Keep it running until while testing the kerberos authentication. As soon as done copy the trace file to the client an open it using Wireshark. The following picture does show a trace dump where the kerberos protocol has been selected.

Wireshark sample output

A part of the kerberos packet is encrypted and not visible as you can see in following picture.

Wireshark enc

Kerberos does use the service’s secret key to encrypt these messages. You can import the keytab file into Wireshark to decrypt the messages. For this purpose the keytab file must be specified in Wireshark in the preferences. Click Edit > Preferences > Protocols > KRB5.

Wireshark Preferences

You now see the message content of the packet. This is in particular useful when you have to analyse issues related to ticket size, missing groups etc.

Wireshark decrypted

Conclusion

Unfortunately my Kerberos problem is still not solved. Nevertheless I did get the opportunity to practice a couple of Kerberos tracing methods. The introduction of KRB5_TRACE did simplify tracing a bit, but in most case you still have to use SQLNet or network tracing to find the root cause of you Kerberos problem. A direct solution is unfortunately not always found with tracing.

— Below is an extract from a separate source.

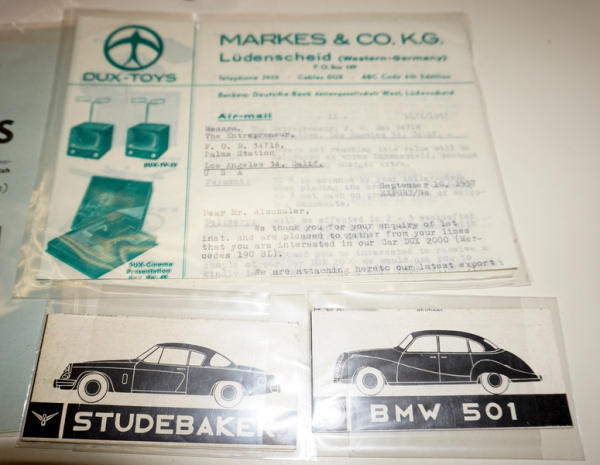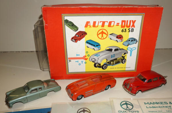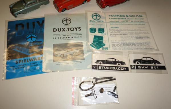 Great set, built in Western Germany; includes 2 complete cars plus the '53 Studebaker body that can be swapped out; comes with a note that says the original key does not work, but a different one included does; includes instructions; box has tape on the edges, but overall clean and nice;

At least you have all the relevant information to search My Oracle Support, open a service request or try your luck at googling for a solution.

Good luck with your Kerberos setup. 😉

References

Some links related to this blog post:

  • Kerberos Troubleshooting Guide [185897.1]
  • Master Note For Kerberos Authentication [1375853.1]
  • How to Trace Unix System Calls [110888.1]
  • Tracing Okinit [162668.1]
  • How to Enable Oracle SQL*Net Client, Server, Listener, Kerberos and External procedure Tracing from Net Manager [395525.1]
  • Requesting kerberos TGT with OKINT errors with okinit: Clock skew too great in 12.1.0.2 [2312008.1]